Kontrowersyjny tekst pułkownika Siergieja Kowalowa zniknął z internetowej strony rosyjskiego ministerstwa obrony. W skandalicznej publikacji, pułkownik Kowalow pisze, że żądania Trzeciej Rzeszy wobec Polski były umiarkowane i trudno je uznać za nieuzasadnione.

REKLAMA

Podczas rozmowy z naszym reporterem pułkownik Kowalow nie był już tak stanowczy, jak można było sądzić po tym skandalicznym tekście. Tłumaczył, że problem może tkwić w interpretacji. Po pierwsze, nie uważam, że to Polska w całości jest winna wywołaniu wojny. Dodam, że z wielkim współczuciem odnoszę się do waszej tragedii - mówił pułkownik.

O niemieckich roszczeniach, o których wcześniej napisał, że trudno je uznać nieuzasadnionymi teraz mówił tak: Te żądania nie miały podstaw prawnych. To moje stanowisko i tyle. Okazuje się też, że tekst Kowaliowa już odbił się szerokim echem w jego ministerialnym instytucie.

Dyskutowaliśmy nad tym problemem. Wydamy oficjalne wyjaśnienia do tekstu. Nie widzę potrzeby rozniecania jakichkolwiek polsko-rosyjskich antagonizmów - przekonuje Kowalow. Wygląda więc na to, że tekst historyka-pułkownika opublikowano na stronie ministerstwa nie celowo, a przez niedopatrzenie.

Co dokładnie napisał Kowalow?

Ministerstwo Obrony Federacji Rosyjskiej umieściło na swojej oficjalnej stronie internetowej tekst, w którym odpowiedzialnością za rozpętanie II wojny światowej obarczono Polskę. Jego autorem jest pułkownik Siergiej N. Kowalow z Instytutu Historii Wojennej Ministerstwa Obrony Federacji Rosyjskiej. Wszyscy, którzy bez uprzedzeń studiowali historię II wojny światowej, wiedzą, że rozpoczęła się ona z powodu odmowy przez Polskę spełnienia niemieckich roszczeń. Jednak mniej znane jest to, czego od Warszawy chciał Adolf Hitler - pisze Kowalow.

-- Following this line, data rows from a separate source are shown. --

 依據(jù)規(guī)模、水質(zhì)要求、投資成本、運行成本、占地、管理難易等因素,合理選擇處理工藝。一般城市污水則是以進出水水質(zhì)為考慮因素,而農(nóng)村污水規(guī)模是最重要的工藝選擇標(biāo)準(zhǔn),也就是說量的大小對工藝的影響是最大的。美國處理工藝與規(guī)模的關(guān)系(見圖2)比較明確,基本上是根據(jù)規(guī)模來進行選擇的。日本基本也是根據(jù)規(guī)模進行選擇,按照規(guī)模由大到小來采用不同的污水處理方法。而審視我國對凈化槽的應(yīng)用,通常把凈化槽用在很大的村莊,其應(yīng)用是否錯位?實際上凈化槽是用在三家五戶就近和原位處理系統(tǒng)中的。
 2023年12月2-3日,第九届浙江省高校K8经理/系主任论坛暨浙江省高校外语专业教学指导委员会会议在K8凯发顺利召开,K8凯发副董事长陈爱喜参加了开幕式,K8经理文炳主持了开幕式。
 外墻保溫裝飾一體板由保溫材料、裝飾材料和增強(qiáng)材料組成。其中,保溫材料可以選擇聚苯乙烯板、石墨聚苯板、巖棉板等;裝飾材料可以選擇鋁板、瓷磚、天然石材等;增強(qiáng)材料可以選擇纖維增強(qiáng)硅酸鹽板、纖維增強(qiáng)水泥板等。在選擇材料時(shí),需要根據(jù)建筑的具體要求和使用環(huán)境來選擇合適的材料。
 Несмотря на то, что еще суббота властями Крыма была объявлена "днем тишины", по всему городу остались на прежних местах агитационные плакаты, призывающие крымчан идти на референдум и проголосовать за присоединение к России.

Zdaniem Kowalowa, żądania Niemiec były dość umiarkowane: włączyć wolne miasto Gdańsk do III Rzeszy oraz wyrazić zgodę na budowę eksterytorialnej autostrady i drogi kolejowej, które połączyłyby Prusy Wschodnie z podstawową częścią Niemiec. W jego ocenie, żądania te "trudno uznać za nieuzasadnione".

Kowalow usprawiedliwia też agresję ZSRR na Polskę 17 września 1939 roku. Jego zdaniem Józef Stalin nie miał innego wyjścia, niż zawrzeć z Hitlerem pakt o nieagresji, by choć na krótki czas odroczyć wojnę z Niemcami i zająć rubieże obronne na zachód od starej granicy radzieckiej.